═════ Data segment ═════

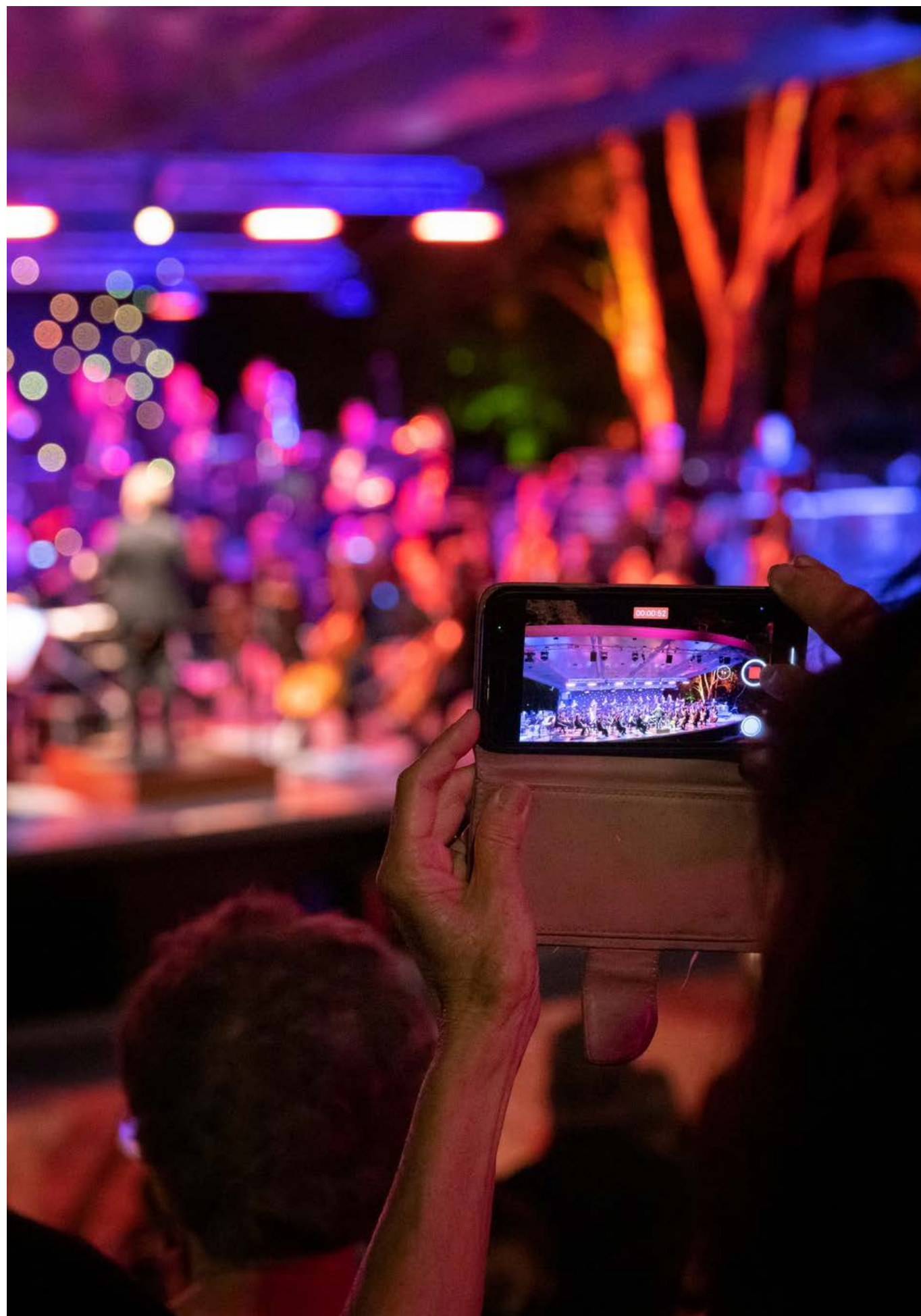
Symphony Under the Stars, Gladstone, Queensland
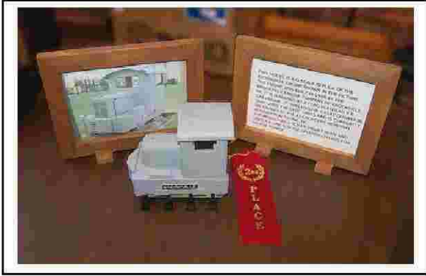
This model train was built to scale (1 inch to a foot) by Jerry Allison. This engine is still being built in Brookeville PA. This model runs.
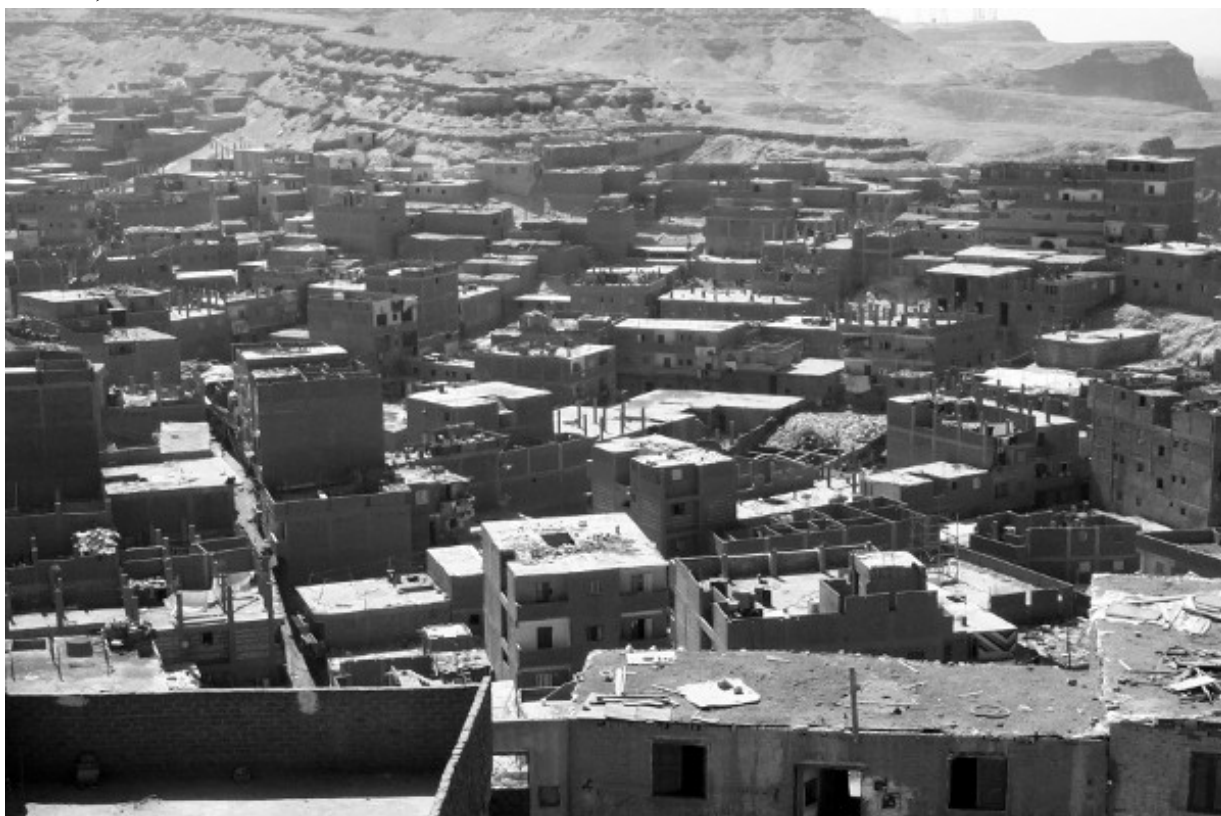
Figure 3. State land under informal conversion, Wadi Pharaon, Cairo, 2010 (mostly demolished in 2014)

═════

Brief:
Leaving out the pictures, restate the listing above exactly.

Reply:
Symphony Under the Stars, Gladstone, Queensland
This model train was built to scale (1 inch to a foot) by Jerry Allison. This engine is still being built in Brookeville PA. This model runs.
Figure 3. State land under informal conversion, Wadi Pharaon, Cairo, 2010 (mostly demolished in 2014)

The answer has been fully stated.